Caso a urgência da proposta seja aprovada, o projeto poderia ser encaminhado diretamente ao plenário.
A expectativa do PL é que uma reunião preliminar seja feita na próxima terça-feira, com os partidos que dizem apoiar a matéria ou, ao menos, ter a intenção de liberar suas bancadas para o voto. Na quinta, de acordo com Sóstenes Cavalcante, o tema deve ser debatido em reunião de líderes para, então, a urgência ser pautada na semana seguinte. Caso isso não ocorra, o partido de Bolsonaro deverá optar pelas obstruções
Hugo Motta tem evitado o tema e, na semana passada, saiu da reunião de líderes sem responder a Sóstenes quando pautaria a matéria. Para líderes de partidos de centro, Motta está em uma saia justa, já que o PL tem uma bancada robusta o suficiente para paralisar os trabalhos na Casa, com 92 deputados. Ao mesmo tempo, o presidente da Câmara vem tentando uma aproximação com ministros do STF e não pretende desagradar a Corte.
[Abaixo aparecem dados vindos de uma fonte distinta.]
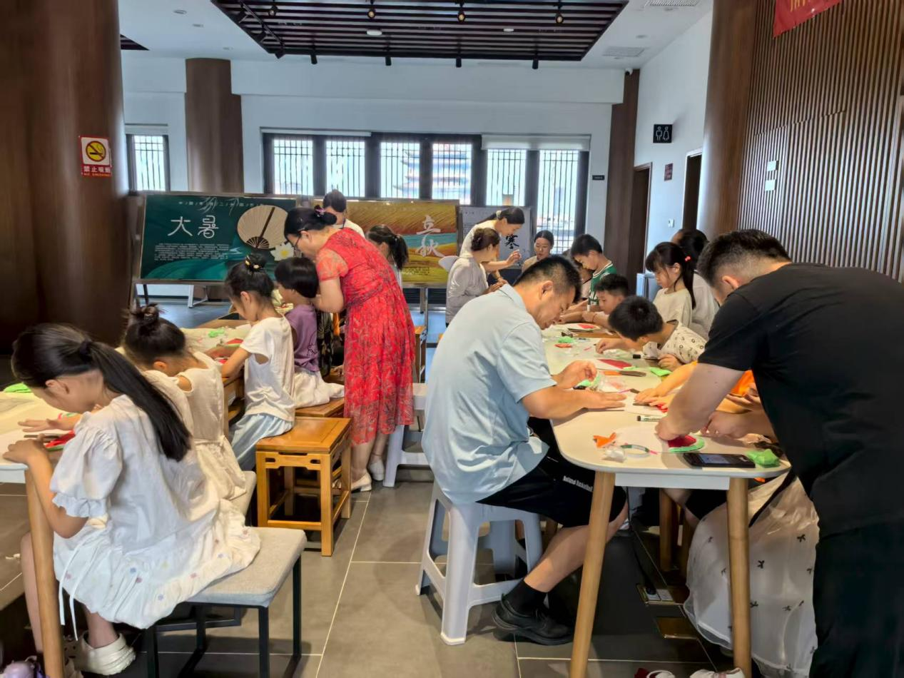实践活动中,团队联动当地非遗传承人,打造了一场“沉浸式”非遗体验盛宴。手工课堂里,红纸在指尖翻飞,剪刀游走间,一张张寓意吉祥的剪纸作品渐显雏形;竹篾搭架、彩纸糊面,家长与孩子默契配合,亲手扎制的纸鸢上,既有“连年有余”的传统纹样,也有孩子们涂鸦的童真图案,每一件作品都承载着对非遗的好奇与热爱。

Uma saída, de acordo com aliados de Motta, seria manter o plano de montar uma comissão especial para discutir a matéria, adequar o texto e, mais tarde, levar o projeto ao plenário.
Enquanto isso, a base do governo já começa a demonstrar preocupação com a possibilidade de a proposta avançar. O líder do PT, Lindbergh Farias (RJ), diz que começou a mapear os deputados que podem apoiar o projeto e a estudar respostas que o Planalto poderá utilizar dentro do Congresso.
— A próxima semana vai ser uma confusão em cima disso. Eu já estou fazendo um mapa voto a voto. Está muito preocupante. Eu estou vendo estado por estado. O cara vota de acordo com o voto dele. Então, o cara que é eleito com o discurso mais Bolsonaro, ele vai nisso. Eu entendo que o PL vive um drama. Agora, eles não podem pedir para a Casa entrar nesse drama, entrando numa crise institucional entre o Parlamento e o Judiciário — afirmou
Foro privilegiado
Um dos vice-líderes da oposição na Câmara, Sanderson (PL-RS) protocolou um novo requerimento pedindo para Motta pautar uma proposta de emenda à Constituição (PEC) que extingue o foro especial por prerrogativa de função nos casos de crime comum.
No último mês, quatro requerimentos como esse, pedindo a inclusão na pauta de plenário, foram protocolados pelos deputados José Medeiros (PL-MT) e Adriana Ventura (Novo-SP). A proposta já foi aprovada no Senado Federal em 2017, com autoria do ex-senador Alvaro Dias, mas segue parada na Câmara dos Deputados aguardando inclusão na pauta do plenário. Caso avance, Bolsonaro poderia ser julgado por juízes da primeira instância.
— Com o fim do foro privilegiado, o Supremo Tribunal Federal se reservará apenas à sua função precípua de guardião da Constituição, afastando da Corte a função de Delegacia de Polícia de autoridades com foro privilegiado — afirmou Sanderson.
Nesta quarta-feira, Bolsonaro negou que o pedido para pautar a PEC tenha partido dele, mas defendeu a proposta:
— Tem uma PEC que passou no Senado e leva os casos (de autoridades) para a primeira instância. Claro que, no meu caso, irei para a primeira instância — disse.